Я видел обелиск в селе районном,
Где липы, что снежком заметены,
Грустя читают список поименный
Солдат, не возвратившихся с войны.
В субботу накануне выходного,
Когда ложатся сумерки вокруг,
Опять приходят лыковские вдовы
На огонек к старейшей из подруг.
Сперва немного выпьют для порядка
Да семена, судача, погрызут
Седые, постаревшие солдатки,
Как их любовно на Руси зовут.
А за окном не спит еще деревня
И белый пар курится над рекой.
И вот заводит песню Алексевна,
В раздумье щеку подперев рукой.
Ах, песня-жизнь!
О чем бы в ней ни пелось,
А в сердце неожиданно встает
И тот декабрь в снегах заиндевелых,
И тот проклятый сорок первый год.
Когда вставали сосны в карауле,
Мужей их провожая в дальний путь,
И в Горький вслед они пешком махнули,
Чтоб к ним, к родным, хоть раз еще прильнуть.

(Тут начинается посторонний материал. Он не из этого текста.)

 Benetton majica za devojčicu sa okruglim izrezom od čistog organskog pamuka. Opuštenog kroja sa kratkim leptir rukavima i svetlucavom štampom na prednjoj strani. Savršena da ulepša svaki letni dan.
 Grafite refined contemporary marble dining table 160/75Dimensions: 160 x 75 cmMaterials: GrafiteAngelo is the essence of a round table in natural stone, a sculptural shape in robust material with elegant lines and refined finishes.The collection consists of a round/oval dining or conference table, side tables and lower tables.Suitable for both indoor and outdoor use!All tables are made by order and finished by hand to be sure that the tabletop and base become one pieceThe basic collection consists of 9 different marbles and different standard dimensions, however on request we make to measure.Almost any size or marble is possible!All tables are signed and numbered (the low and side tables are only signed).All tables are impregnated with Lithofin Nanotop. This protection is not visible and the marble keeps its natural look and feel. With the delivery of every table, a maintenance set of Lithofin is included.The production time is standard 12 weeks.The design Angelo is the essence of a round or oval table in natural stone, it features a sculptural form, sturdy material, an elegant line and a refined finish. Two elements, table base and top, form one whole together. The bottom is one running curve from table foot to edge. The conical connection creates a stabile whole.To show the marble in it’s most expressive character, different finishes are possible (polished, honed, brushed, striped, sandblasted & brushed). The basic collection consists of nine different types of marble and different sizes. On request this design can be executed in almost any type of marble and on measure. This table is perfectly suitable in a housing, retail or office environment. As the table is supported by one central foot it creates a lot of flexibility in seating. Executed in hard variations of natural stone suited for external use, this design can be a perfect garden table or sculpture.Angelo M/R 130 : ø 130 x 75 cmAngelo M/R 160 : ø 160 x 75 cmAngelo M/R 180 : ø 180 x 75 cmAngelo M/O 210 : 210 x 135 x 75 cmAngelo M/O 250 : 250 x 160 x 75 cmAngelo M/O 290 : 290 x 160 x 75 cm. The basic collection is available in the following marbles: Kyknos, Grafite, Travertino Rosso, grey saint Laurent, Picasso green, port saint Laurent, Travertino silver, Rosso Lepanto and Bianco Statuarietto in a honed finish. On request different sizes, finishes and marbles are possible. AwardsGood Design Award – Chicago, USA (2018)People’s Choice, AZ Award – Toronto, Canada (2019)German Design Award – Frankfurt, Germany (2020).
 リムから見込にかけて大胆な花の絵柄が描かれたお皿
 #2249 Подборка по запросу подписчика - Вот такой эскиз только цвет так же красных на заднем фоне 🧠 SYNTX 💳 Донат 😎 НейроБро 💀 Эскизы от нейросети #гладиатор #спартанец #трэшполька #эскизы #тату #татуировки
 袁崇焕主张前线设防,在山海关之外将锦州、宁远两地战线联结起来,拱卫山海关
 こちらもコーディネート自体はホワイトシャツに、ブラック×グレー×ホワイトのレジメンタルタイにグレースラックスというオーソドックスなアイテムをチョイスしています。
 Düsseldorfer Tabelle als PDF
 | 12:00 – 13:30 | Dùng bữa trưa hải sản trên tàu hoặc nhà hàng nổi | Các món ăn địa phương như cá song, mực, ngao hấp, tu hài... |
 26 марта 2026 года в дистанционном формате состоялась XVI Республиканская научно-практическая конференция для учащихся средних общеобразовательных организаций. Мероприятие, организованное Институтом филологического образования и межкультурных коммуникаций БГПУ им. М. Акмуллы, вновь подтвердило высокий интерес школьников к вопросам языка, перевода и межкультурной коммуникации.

В ту ночь слеза под ветром замерзала,
Ждал эшелон на запасном пути,
И в толчее московского вокзала –
Последний взгляд, последнее «прости».
А после – похоронки... Сколько боли
И сколько мук – попробуй не сробей!
Но надо все равно засеять поле
И на ноги поставить сыновей.
И надо жить, свою беду не пряча,
И вековать несладкий вдовий век.
Они теперь давно уже не плачут –
Ведь привыкает к горю человек.
Ведь жизнь идет куда как интересней,
Не как в войну, не с горем пополам.
Да, нету слез! Осталась только песня,
Которая так нравилась мужьям.
И эта песня льется над рекою
И далеко разносится вокруг,
Такой полна щемящею тоскою,
Что горло перехватывает вдруг.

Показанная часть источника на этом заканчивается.